Monday, June 19, 2017

It could be worse. I could be a Villa fan


Even though i have some struggles in my life i can't let them get the better of me. I have to think positive about things and plough on. Ok, i'm suffering from an illness from which there is no cure. That i know and that's the bad stuff out of the way, but there's hope for the future and what will happen. You just don't know what's going to happen. It's like unwrapping a Christmas present. What will you get?
As i look back on what has been, there are mistakes i've made. Who can't say that? One can't go from situation to situation and not have regrets about things? Shit happens. All you can do is learn from your mistakes. You won't be the first to have got it wrong and you won't be the last. That's for sure.

Living life will never be easy for me, but that's a cross i have to bear. It will be a hard life. That's the way it must be. Still, it could be worse. I could be a Villa fan and that will never do.
There are things that i miss; playing cricket or going for a drink. But things are different now and it's no use crying over spilt milk. It's more a case of 'life is what you make of it'. There are people who are far worse off than me, so i shouldn't moan about it. How they get through life with a smile on their face amazes me.

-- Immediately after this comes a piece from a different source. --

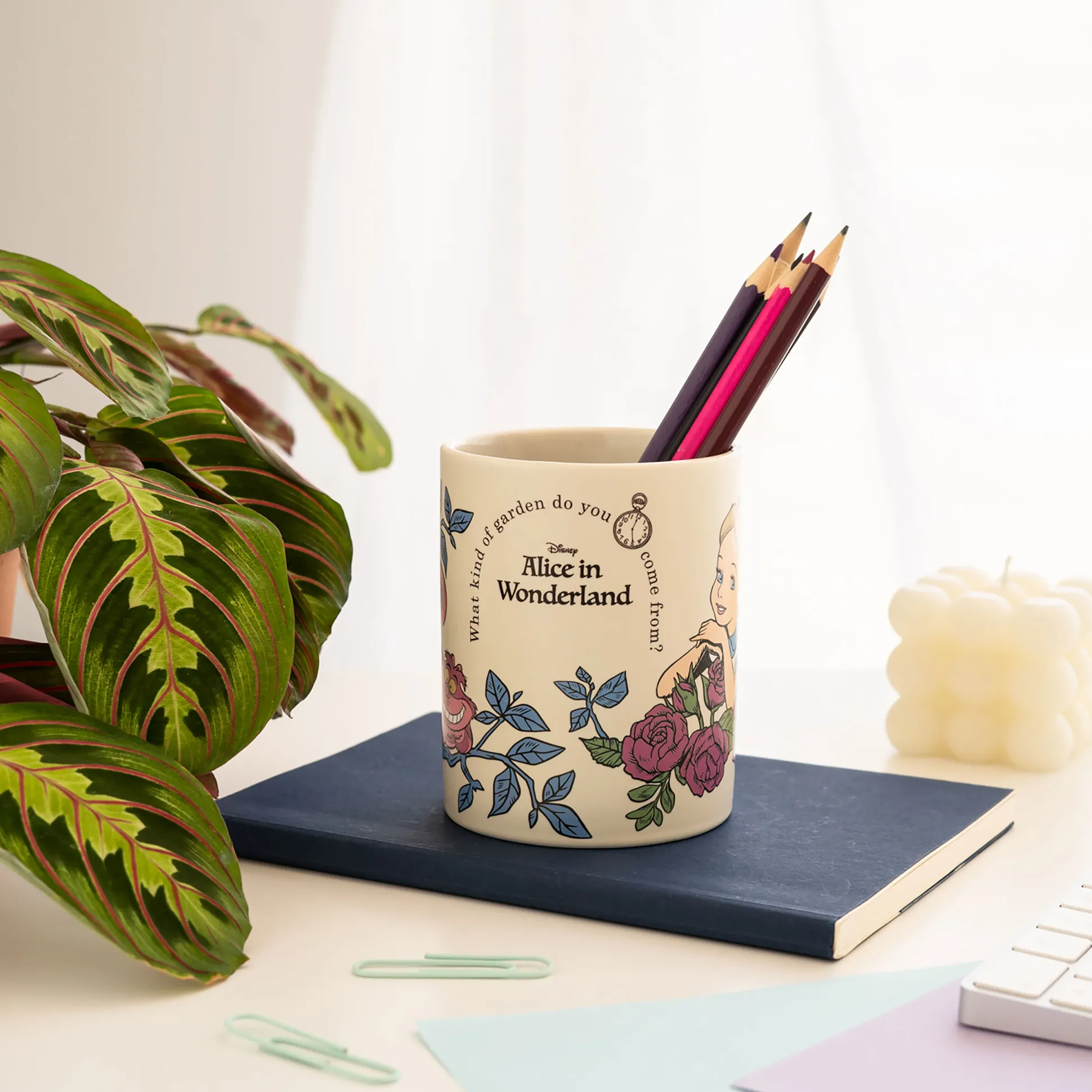 Je bureau heeft een afspraak met Wonderland: de officieel gelicentieerde Disney pennenhouder in Alice in Wonderland Flower-design brengt kleur, fun en orde in je dag. Pennen, markers of kwasten — alles krijgt zijn plek. En als er even geen bureaustrijd woedt, doet hij ook dienst als schattige mini-bloempot (zonder afvoergat, dus je oppervlak blijft droog). Compacte afmetingen van 8,5 x 10,5 x 8,5 cm passen op elke werkplek, nachtkastje of plank. Het ideale cadeau voor iedereen die samen met Alice, de Cheshire Cat & co. door het leven dwaalt — of graag zijn planten hoort groeien. Haal Wonderland-vibes naar je bureau!

I gave up smoking about four weeks ago and it's all about having the willpower to succeed. Once you can do that you can do anything. Believe me. It's never easy, but you find a way. You can do most things you set your mind on. Every morning (if you're like me) you suffer from pain. It's a lot to put up with, but i'm sure other people could put up with it. You talk to people about dols and they tell you they "not going to get into a discussion about it" Why not for fucks sake? If people become carers it's no use taking that fucking attitude.

You can get by without their help. They're not all like that, thank god. Some are really great! You may become the next Jeffrey Archer (ex MP) or Chris Ryan or Andy McNab (former SAS soldiers) who write for a living. Time on their hands is something they have plenty of. Everybody wants to read your story (providing it's interesting enough.)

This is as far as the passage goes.